Het is gebruikelijk dat het AMK het schriftelijke verslag van de uitgewisselde informatie ter goedkeuring aan de betrokken arts voorlegt voordat het wordt opgenomen in het AMK dossier. In dit verslag kan vermeld worden of en door wie er toestemming van betrokkenen is verkregen.
Kindermishandeling is een kwetsbaar onderwerp welke zorgvuldig handelen en overleg vraagt. De wet biedt deze ruimte en daarop wordt door de tuchtrechter getoetst. Laten we dit met elkaar bewaken vanuit vertrouwen, in het belang van het kind.
Lia Jak, vertrouwensarts AMK, namens de VVAK (Vereniging Vertrouwensartsen inzake Kindermishandeling)
AMK en informatie (antwoord auteur)
Mevrouw Jak ben ik erkentelijk voor haar toelichting op de werkwijze van de (vertrouwensartsen bij de) AMK’s. Het is goed te vernemen dat de bij de AMK’s werkzame vertrouwensartsen het belang van zorgvuldige omgang met medische en andere privacygevoelige gegevens onderschrijven. Daaraan bestond overigens mijnerzijds geen twijfel. Problematisch is wel dat vertrouwensartsen bij AMK’s niet altijd even goed zijn ingebed. Bij de vervulling van bepaalde AMK-taken, zoals het stellen van bepaalde vragen aan behandeld artsen of het interpreteren van een melding met medische informatie, is de inbreng van (vertrouwens)arts niet altijd gewaarborgd. Dat zorgt nogal eens voor misverstanden, zo blijkt althans uit de berichten die mij bereiken.
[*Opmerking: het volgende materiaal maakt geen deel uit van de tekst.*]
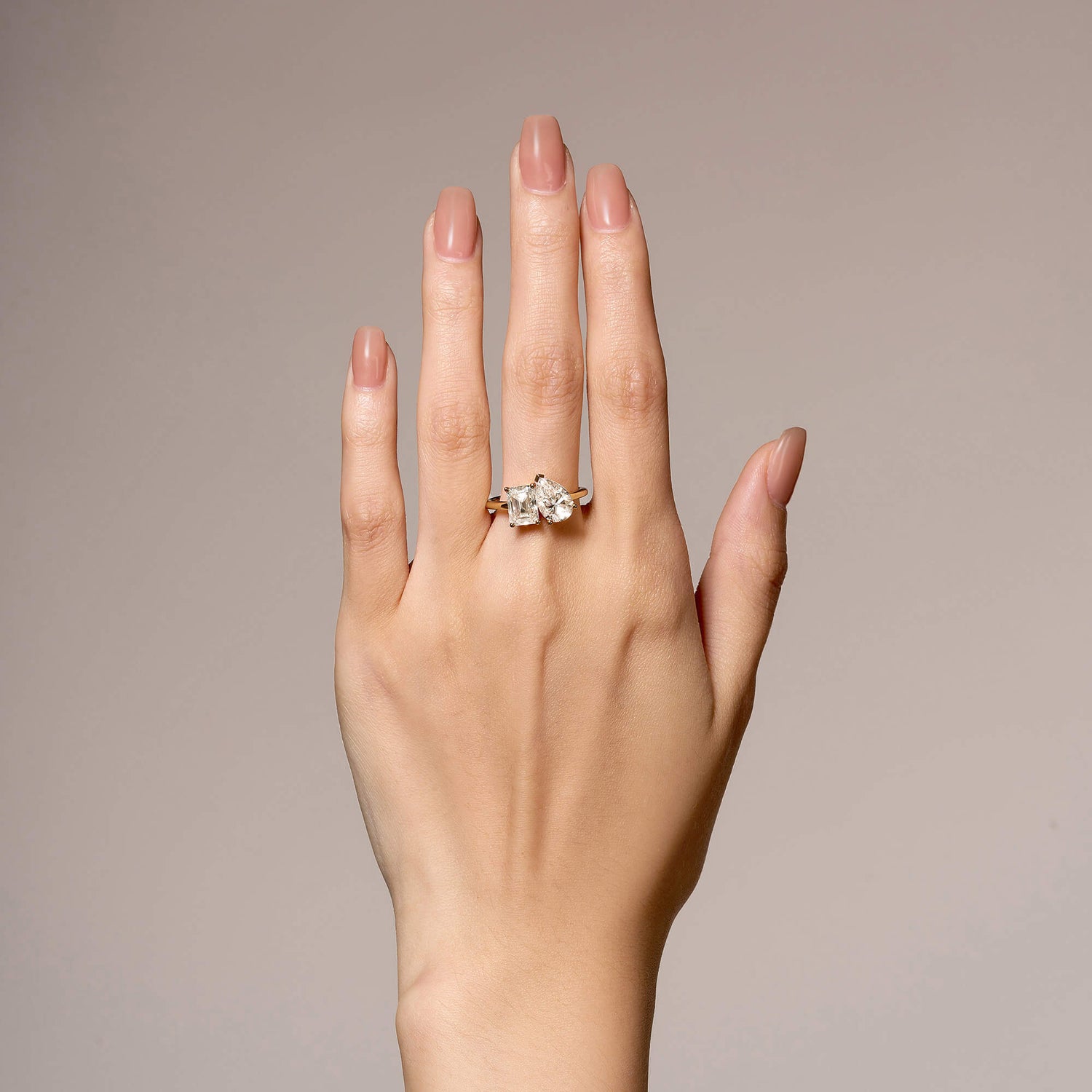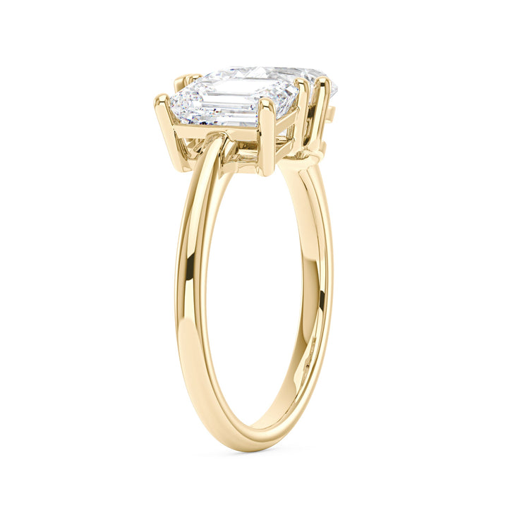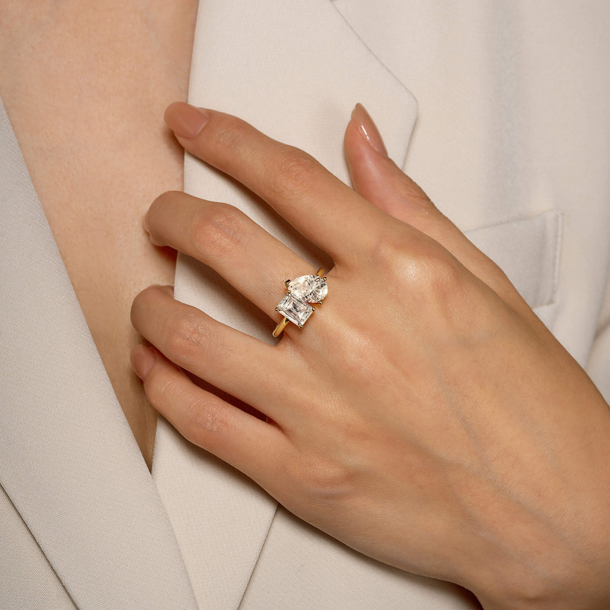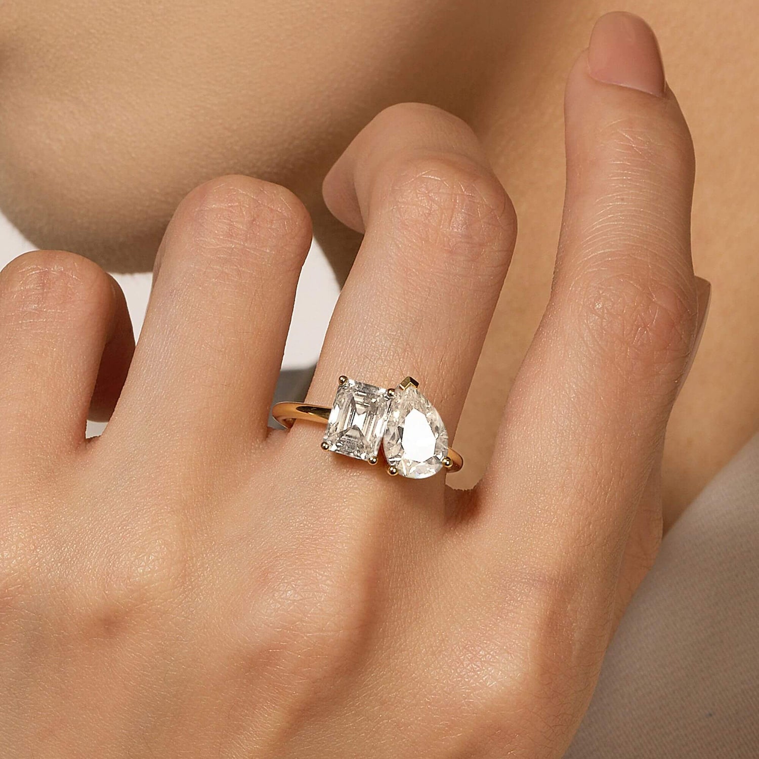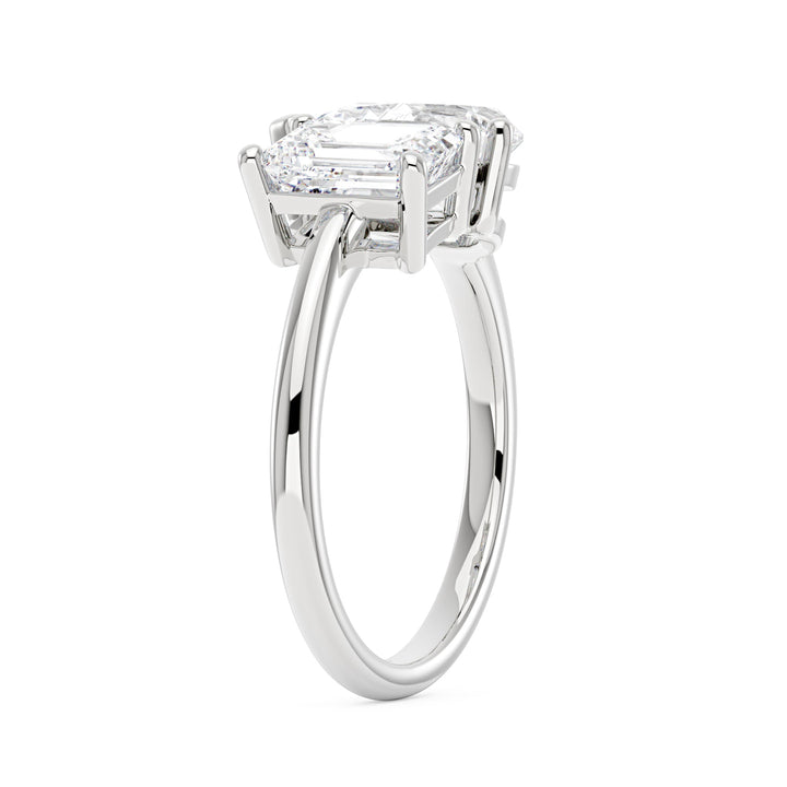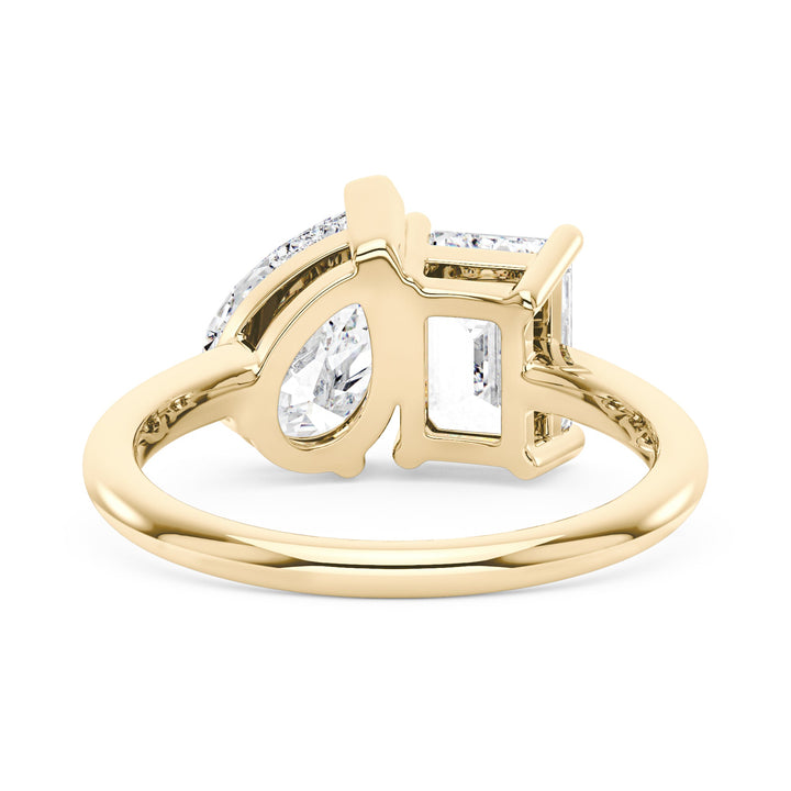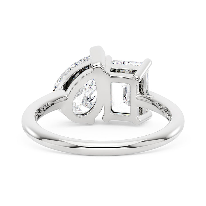 Handcrafted in 18K gold over S925 sterling silver. Stone 1: 2 ct colorless emerald-cut moissanite (6 mm x 8 mm), VVS1 clarity, E-F grade. Stone 2: 2 ct colorless pear-cut moissanite (7 mm x 10 mm), VVS1 clarity, E-F grade. Shank width: 1.8 mm; depth: 1.8 mm; base depth: 1.5 mm. Metal color: 18K white gold vermeil. Ring sizes 3–15 US.
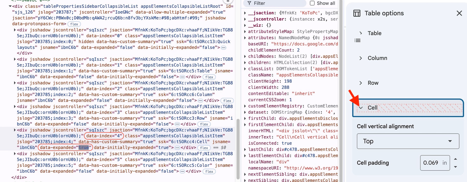 Then I tried inspecting the page while clicking to expand the “Cell” button and saw that it’s associated with “data-index 4” (ie, the 4th button) and has a “data-expanded” property that changes from false to true. But I don’t know enough javascript to know how to grab that info.
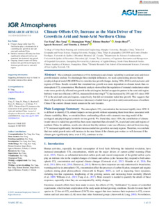 Yang, Tao, Yang, Bao, Wang, Shuangjuan, Boucher, Étienne, Rossi, Sergio, Hermoso, Ignacio and Osborn, Timothy J. (2025) Climate offsets CO2 increase as the main driver of tree growth in arid and semi-arid northern China. Journal of Geophysical Research: Atmospheres, 130 (20). ISSN 2169-897X
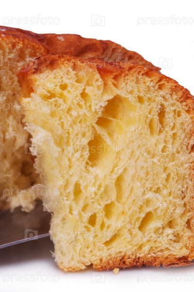 Ломтик сладкой выпечки крупным планом на белом фоне
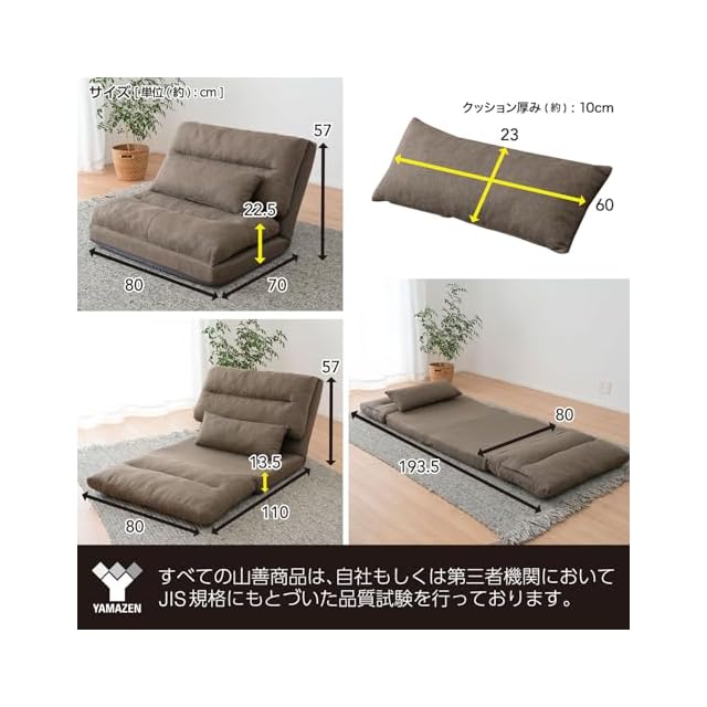 商品名:山善(YAMAZEN) ソファ ソファーベッド 座椅子 3WAY ゆったり 一人掛け クッション付き 腰部14段階 リクライニング 簡易ベッド ローソファ 幅80×奥行70/193.5×高さ13.5/57cm 一人暮らし 完成品 ブラウン GAS-80(BR)
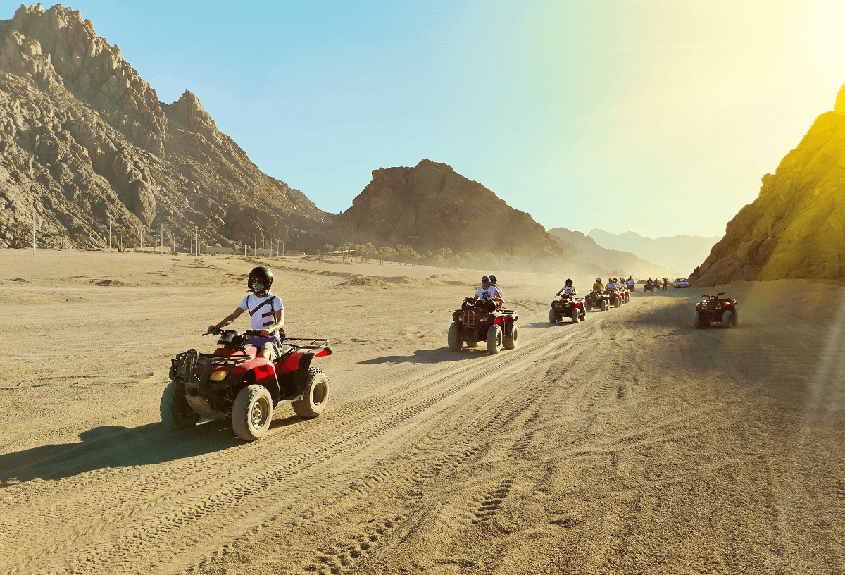 - Morning desert safari – Includes quad biking, 4×4 off-roading, a camel ride and a traditional Bedouin meal.
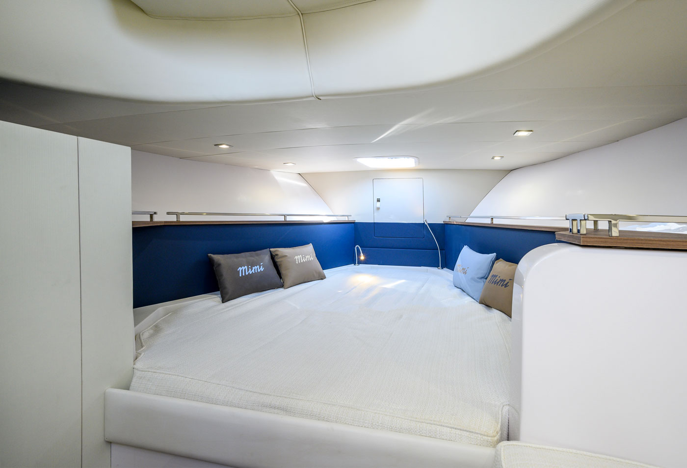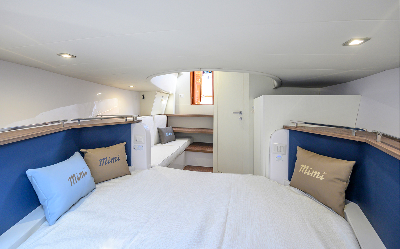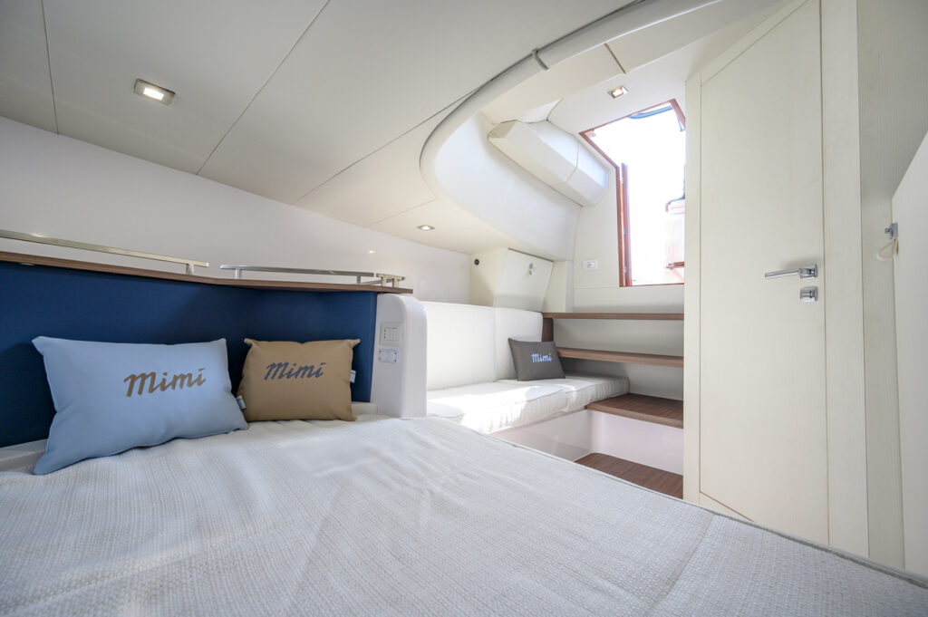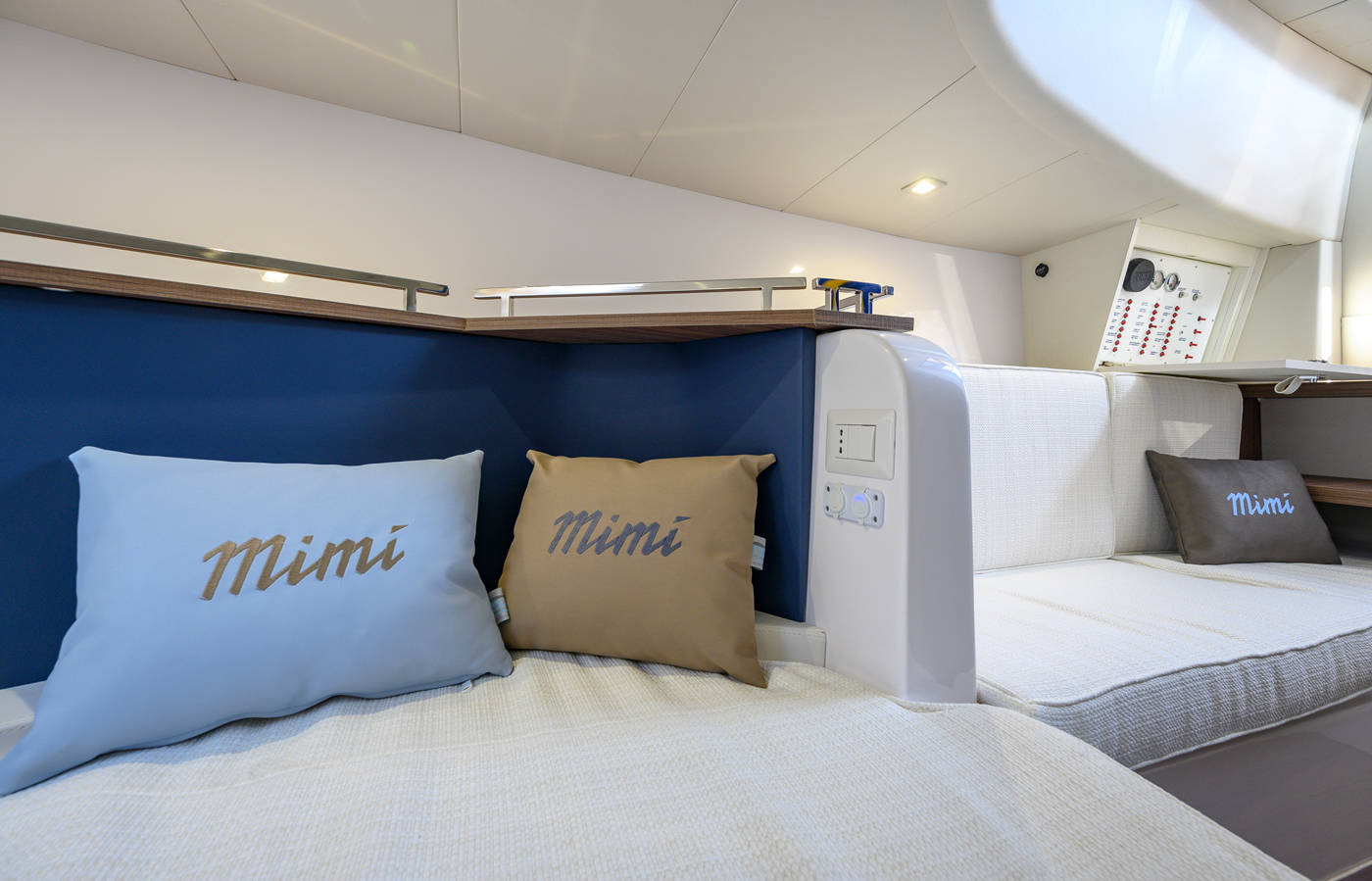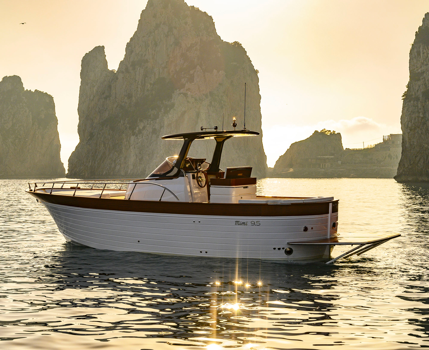 The Libeccio 9.5 Walkaround is a model that is both youthful and elegant at the same time, characterised by some rather novel solutions "such as the hard top with arms mounted on the front console and the polished mahogany stern bar unit with concealed seating that can also be used as a kitchen unit," as Valerio Rivellini, who designed the project, recounts.
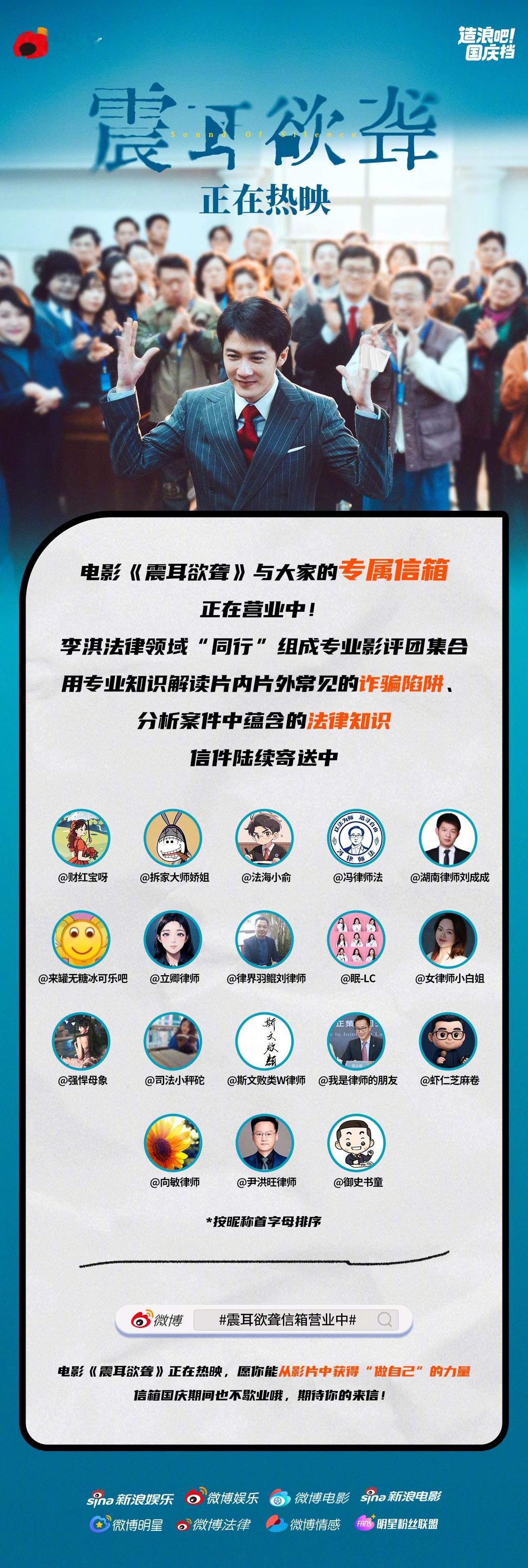 电影《震耳欲聋》上映中,灰度律师李淇为自己、为正义发声的故事是否打动到你?影片与大家的专属信箱今日开始营业📮即日起至10月19日,带话题震耳欲聋信箱营业中 发博并艾特或任意主创微博,分享影评或生活感悟,官微与主创将不定期翻牌“回信”,还有机会获得影片周边奖励!电影震耳欲聋造浪吧国庆档

Met ingang van 1 januari dit jaar zijn de AMK’s overigens opgegaan in een nieuwe organisatie, genaamd ‘Veilig Thuis’. Dit is een regionaal georganiseerd advies- en meldpunt voor huiselijk geweld en voor kindermishandeling. Deze organisatie is dag en nacht (gratis) bereikbaar via 0800-2000. Zie ook: www.vooreenveiligthuis.nl
De naam Veilig Thuis komen we in de wet trouwens niet tegen; daarin wordt gesproken over Advies- en Meldpunt Huiselijk geweld en Kindermishandeling (AMHK). Volgens diezelfde wet moeten de Colleges van Burgemeester en Wethouders ervoor zorgen dat bij het AMHK, thans dus Veilig Thuis, voldoende deskundigheid aanwezig is, waaronder in ieder geval de beschikbaarheid van een arts met deskundigheid op het gebied van kindermishandeling. Laten we hopen dat dit bijdraagt aan een effectieve voorkoming en bestrijding van kindermishandeling. Hopelijk zal soortgelijke deskundigheid beschikbaar zijn als het gaat om andere vormen van huiselijk geweld.